Il protagonista maschile praticamente se ne frega altamente della sorte dell’imputato per tutto il processo – mai manifestando una qualche intenzione di assumersi la
responsabilità.
Ah no, aspettate.
Va dal proprio tutor negli alcolisti anonimi che è anche un avvocato e a quest’ultimo
confessa i propri dubbi.
L’avvocato giustamente lo pone davanti al bivio: se confessi sei finito.
E lui? Ci pensa su?
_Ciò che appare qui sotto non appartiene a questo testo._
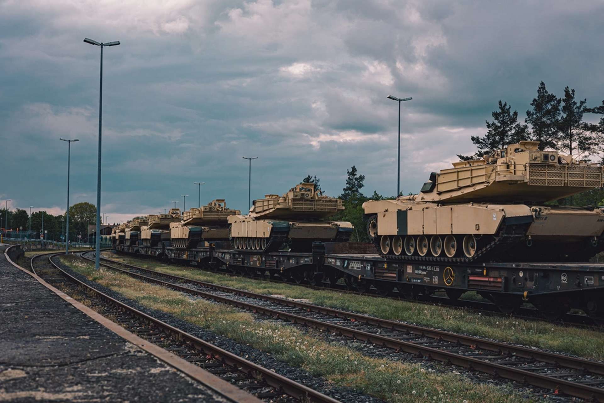 US M1A1 Abrams tanks needed for training the Armed Forces of Ukraine arrive by rail at Grafenwoehr, Germany. ( Picture Source: US DoD)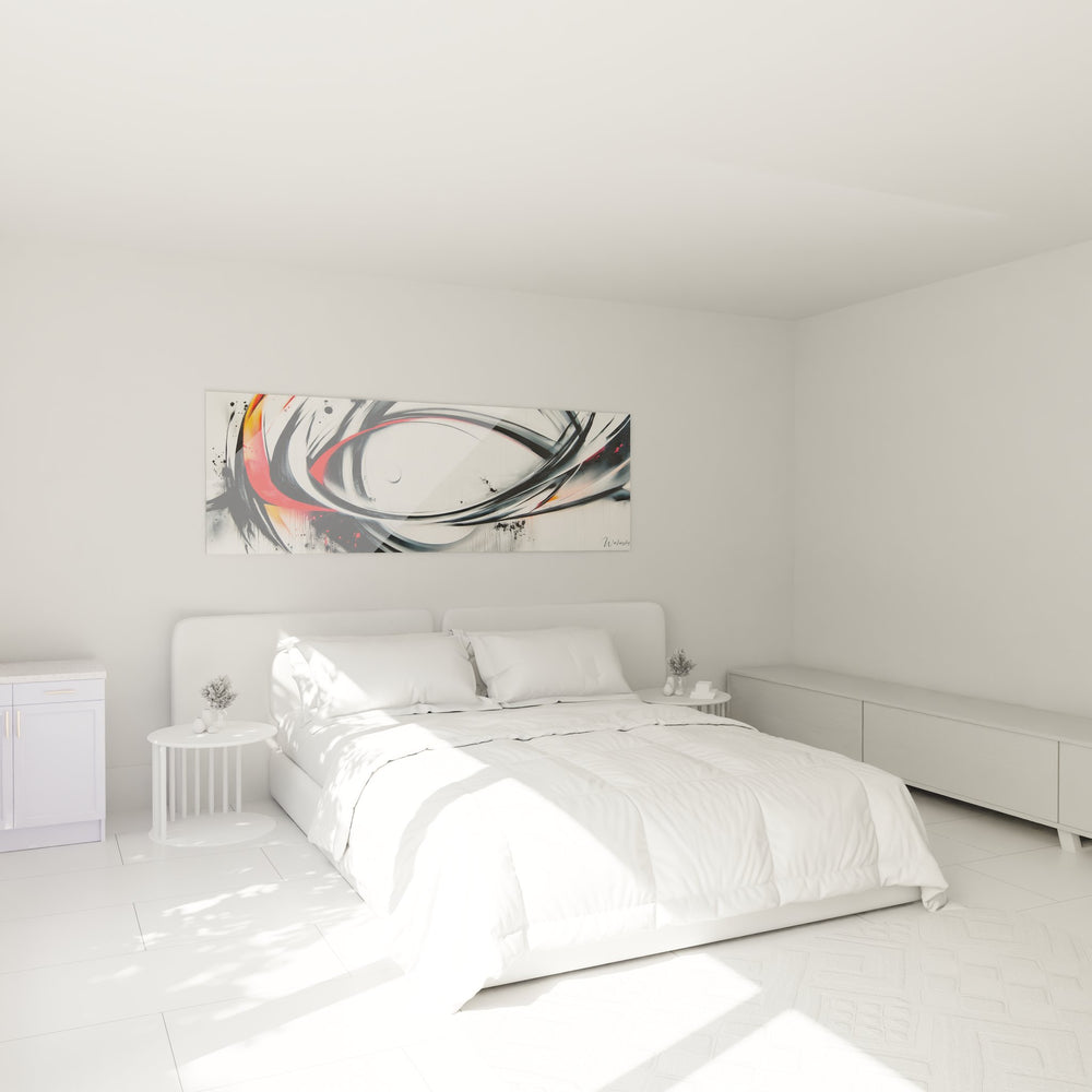 Ce tableau mural abstraite présente une composition dynamique centrée sur un mouvement fluide aux courbes élégantes et organiques. L'œuvre se développe sur un format panoramique, créant un tourbillon artistique qui évoque la fluidité et la grâce du mouvement naturel. Les lignes noires puissantes dessinent des courbes serpentines qui s'entrelacent harmonieusement, créant une spirale décorative hypnotique au centre de la composition. Cette peinture abstraite moderne joue sur les contrastes entre les zones de couleur et les espaces négatifs blancs, offrant une respiration visuelle caractéristique du style minimaliste. Les éléments graphiques s'étendent de manière asymétrique, créant un équilibre dynamique qui guide naturellement le regard vers le centre de l'œuvre. Cette décoration murale contemporaine s'inscrit parfaitement dans l'esthétique minimaliste tout en apportant une dimension énergique à l'espace. L'art mural minimaliste trouve ici une expression particulièrement réussie, alliant simplicité formelle et complexité visuelle dans un dialogue harmonieux entre mouvement et statisme.

Vive qualche giorno di dramma interiore che magari sfoga
nervosamente con la moglie incinta.
Manco per sbaglio.
Prende atto e decide di seminare dubbi nella giuria.
Ecco le discussioni della giuria sono la parte che più mi ha creato imbarazzo.
Ovviamente, io sono cresciuto con Henry Fonda e La Parola ai giurati, però ragazzi, vi
prego – nel 2024 – evitiamo gli stereotipi tipo gang, seconda chance, redenzione.
E’ tutto così banalmente yankee.
Ad ogni buon conto, anche durante questa fase del processo manca qualsivoglia
approfondimento psicologico dei personaggi salvo il racconto strappalacrime di vicende personali che li hanno portati ad assumere una determinata posizione.
D’altro canto perché sia possibile dare spessore psicologico ai personaggi, è
indispensabile avere una gamma espressiva che va oltre “L’uomo con il cappello” –
“L’uomo senza cappello”.
Si, si, sto citando Leone ed il suo giudizio su Eastwood.
Però quelle due espressioni aprivano un mondo di esformazioni (ieri ho scoperto cosa
significa e da ora in poi lo utilizzerò come il cacio etc, etc).
Gli attori de Il giurato n. 2, che dire, hanno la capacità espressiva di boh.
Mi viene difficile trovare un paragone adeguato.
Diciamo che non ti portano dentro le emozioni.
E questa affermazione ci porta ad affrontare l’ultima questione: il tema del film.
L’idea di fondo che muove Eastwood consiste nel rappresentare la dicotomia tra Verità e Giustizia.
Ora, a parte che nel film ciò cui si arriva non è la Verità (se mai esiste) ma la Verità
processuale, tutta la narrazione appare indirizzata a far emergere la Verità “storica”.
Solo che, improvvisamente, per effetto di una sola battuta (Questo processo per me si può concludere in due soli modi: o con una condanna o con un annullamento) detta da un giurato, il protagonista mette da parte la propria sete di verità e vira su una giustizia.
Giustizia che Eastwood o lo sceneggiatore risolve nel lasciar prevalere il proprio egoismo piccolo-borghese addirittura sul destino di un altro uomo – ingiustamente (questo sì) accusato.
Tutto questo, sia chiaro, senza un minimo dramma interiore.
Riassumo e chiudo?
Film mediocre, struttura narrativa carente, errori clamorosi dal punto di vista della
ricostruzione processuale, tema centrale affrontato in modo sconclusionato e
approssimativo.
Regia?
Ho detto: lineare, carina.
Tipo il compito di un allievo al primo anno della NABA.